(Stored dataset items)
+--

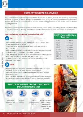 • Target the use of protectors to the noisy tasks and jobs in a 97 dB 3.0 hours
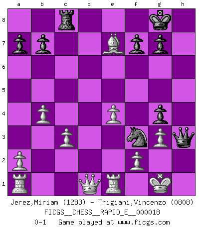 Last move : 0-1 2009 September 16 2:4:34 [Event "FICGS__CHESS__RAPID_E__000018"] [Site "FICGS"] [Date "2009.07.08"] [Round "1"] [White "Jerez,Miriam"] [Black "Trigiani,Vincenzo"] [Result "0-1"] [WhiteElo "1283"] [BlackElo "0808"] 1.e4 e5 2.Nf3 Nf6 3.Nc3 Bc5 4.Bc4 Ng4 5.d4 exd4 6.Nxd4 Nc6 7.O-O O-O 8.Nce2 Nxd4 9.Nxd4 d6 10.c3 Qh4 11.g3 Qh3 12.Bg5 Nxh2 13.Re1 h6 14.Be3 Bg4 15.Be2 h5 16.Bxg4 hxg4 17.b4 Bb6 18.Nf5 Rae8 19.Bxb6 Re5 20.Bxc7 Rc8 21.Bxd6 Re6 22.Ne7+ Rxe7 23.Bxe7 Nf3+ 0-1 Petrov Three knights game Kingside Castling by player White (move 7) Kingside Castling by player Black (move 7) Player Black won this chess game. Follow this game move after move (download)Up to this point White has been following well-known analysis. But now he makes a fatal error: he begins to use his own head. (Siegbert Tarrasch) Das Schachspiel hat wie die Liebe, die Musik, die Fähigkeit, den Menschen glücklich zu machen. Ich habe ein leises Gefühl des Bedauerns für jeden, der das Schachspiel nicht kennt, so wie ich jeden bedaure, der die Liebe nicht kennt. (Siegbert Tarrasch) El Ajedrez es tan inspirador que yo no creo que un buen jugador sea capaz de tener un pensamiento malo durante una partida. (Wilhelm Steinitz) Toutes choses étant égales, c'est la conviction qui gagne. Alliée à une volonté de vaincre, elle sert de détonateur, suscite des idées, disperse les doutes et aide à penser clairement. (Robert Fischer) Nowadays, anyone who cannot speak English and is incapable of using the Internet is regarded as backward. (Al-Waleed bin Talal)
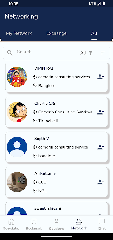 فرص التواصل: تواصل مع الحاضرين الآخرين من خلال ميزات المراسلة والشبكات داخل التطبيق.
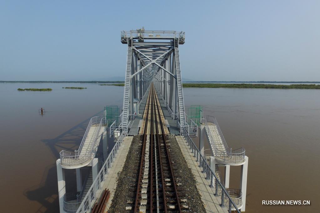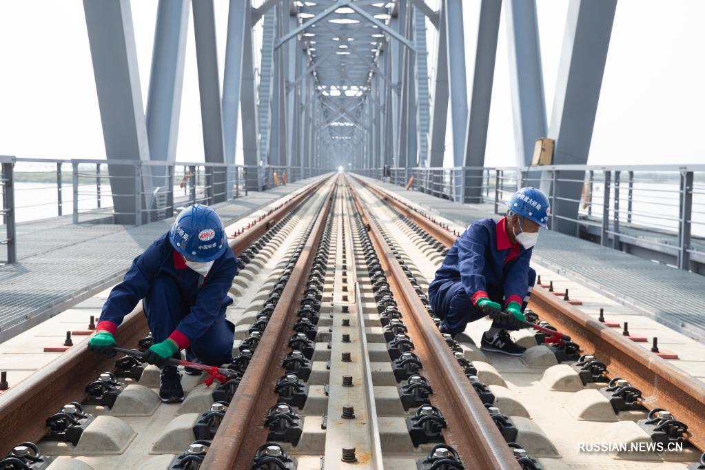 Работы по укладке рельсов на железнодорожном мосту между городским уездом Тунцзян /провинция Хэйлунцзян, Северо-Восточный Китай/ и российским селом Нижнеленинское были завершены сегодня утром.
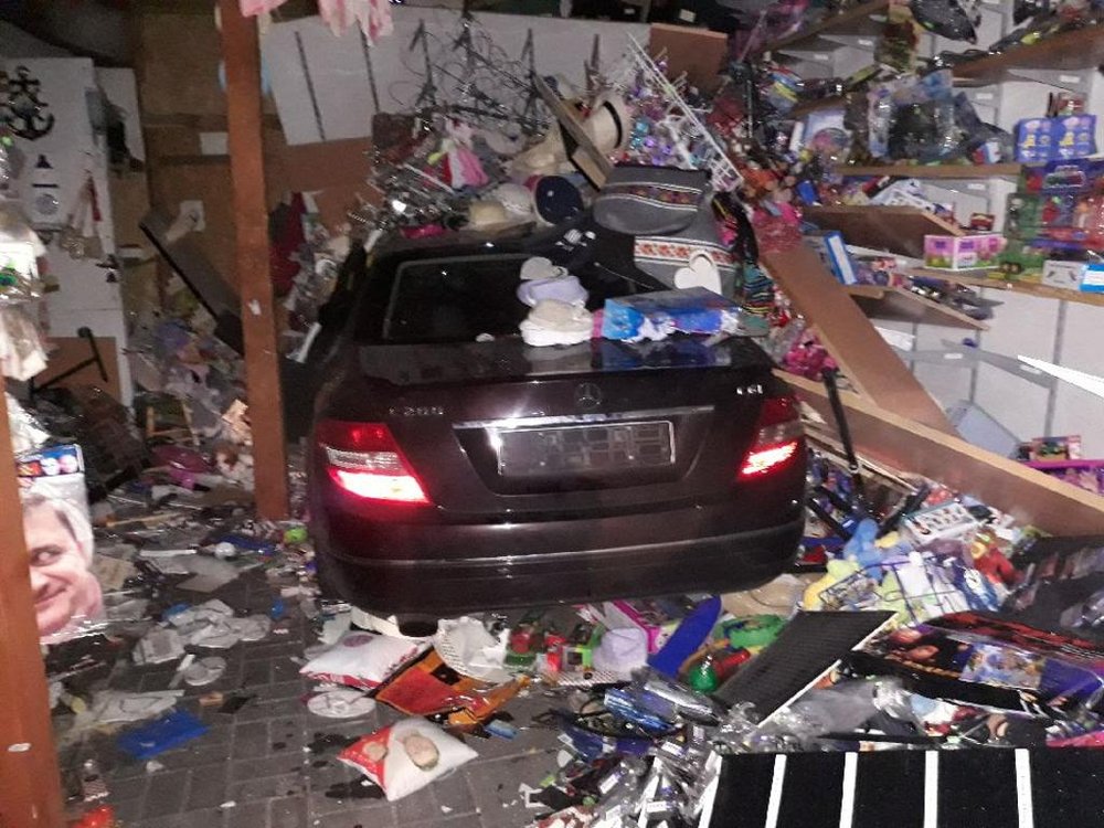 Jak widać na zdjęciu siła uderzenia była spora, ale jak się okazało kierujący pojazdem był trzeźwy. Zdaniem przybyłych na miejsce ratowników medycznych mężczyzna zasłabł. Ani jemu, ani też czterem pasażerom samochodu nic się nie stało. Policja ukarało kierującego mandatem w wysokości 250 zł. Jak wielkie straty poniósł właściciel sklepu tego nie wiadomo, ale zapewne znacznie większe niż kwota mandatu.
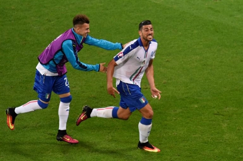 | L'attaquant italien Graziano Pellè inscrit le 2e but face à la Belgique, le 13 juin à Lyon |

+--

## To do:
Would you please write out the entries in full, exactly as they read, but without pictures?

## Reply:
 • Target the use of protectors to the noisy tasks and jobs in a 97 dB 3.0 hours
 Last move : 0-1 2009 September 16 2:4:34 [Event "FICGS__CHESS__RAPID_E__000018"] [Site "FICGS"] [Date "2009.07.08"] [Round "1"] [White "Jerez,Miriam"] [Black "Trigiani,Vincenzo"] [Result "0-1"] [WhiteElo "1283"] [BlackElo "0808"] 1.e4 e5 2.Nf3 Nf6 3.Nc3 Bc5 4.Bc4 Ng4 5.d4 exd4 6.Nxd4 Nc6 7.O-O O-O 8.Nce2 Nxd4 9.Nxd4 d6 10.c3 Qh4 11.g3 Qh3 12.Bg5 Nxh2 13.Re1 h6 14.Be3 Bg4 15.Be2 h5 16.Bxg4 hxg4 17.b4 Bb6 18.Nf5 Rae8 19.Bxb6 Re5 20.Bxc7 Rc8 21.Bxd6 Re6 22.Ne7+ Rxe7 23.Bxe7 Nf3+ 0-1 Petrov Three knights game Kingside Castling by player White (move 7) Kingside Castling by player Black (move 7) Player Black won this chess game. Follow this game move after move (download)Up to this point White has been following well-known analysis. But now he makes a fatal error: he begins to use his own head. (Siegbert Tarrasch) Das Schachspiel hat wie die Liebe, die Musik, die Fähigkeit, den Menschen glücklich zu machen. Ich habe ein leises Gefühl des Bedauerns für jeden, der das Schachspiel nicht kennt, so wie ich jeden bedaure, der die Liebe nicht kennt. (Siegbert Tarrasch) El Ajedrez es tan inspirador que yo no creo que un buen jugador sea capaz de tener un pensamiento malo durante una partida. (Wilhelm Steinitz) Toutes choses étant égales, c'est la conviction qui gagne. Alliée à une volonté de vaincre, elle sert de détonateur, suscite des idées, disperse les doutes et aide à penser clairement. (Robert Fischer) Nowadays, anyone who cannot speak English and is incapable of using the Internet is regarded as backward. (Al-Waleed bin Talal)
 فرص التواصل: تواصل مع الحاضرين الآخرين من خلال ميزات المراسلة والشبكات داخل التطبيق.
 Работы по укладке рельсов на железнодорожном мосту между городским уездом Тунцзян /провинция Хэйлунцзян, Северо-Восточный Китай/ и российским селом Нижнеленинское были завершены сегодня утром.
 Jak widać na zdjęciu siła uderzenia była spora, ale jak się okazało kierujący pojazdem był trzeźwy. Zdaniem przybyłych na miejsce ratowników medycznych mężczyzna zasłabł. Ani jemu, ani też czterem pasażerom samochodu nic się nie stało. Policja ukarało kierującego mandatem w wysokości 250 zł. Jak wielkie straty poniósł właściciel sklepu tego nie wiadomo, ale zapewne znacznie większe niż kwota mandatu.
 | L'attaquant italien Graziano Pellè inscrit le 2e but face à la Belgique, le 13 juin à Lyon |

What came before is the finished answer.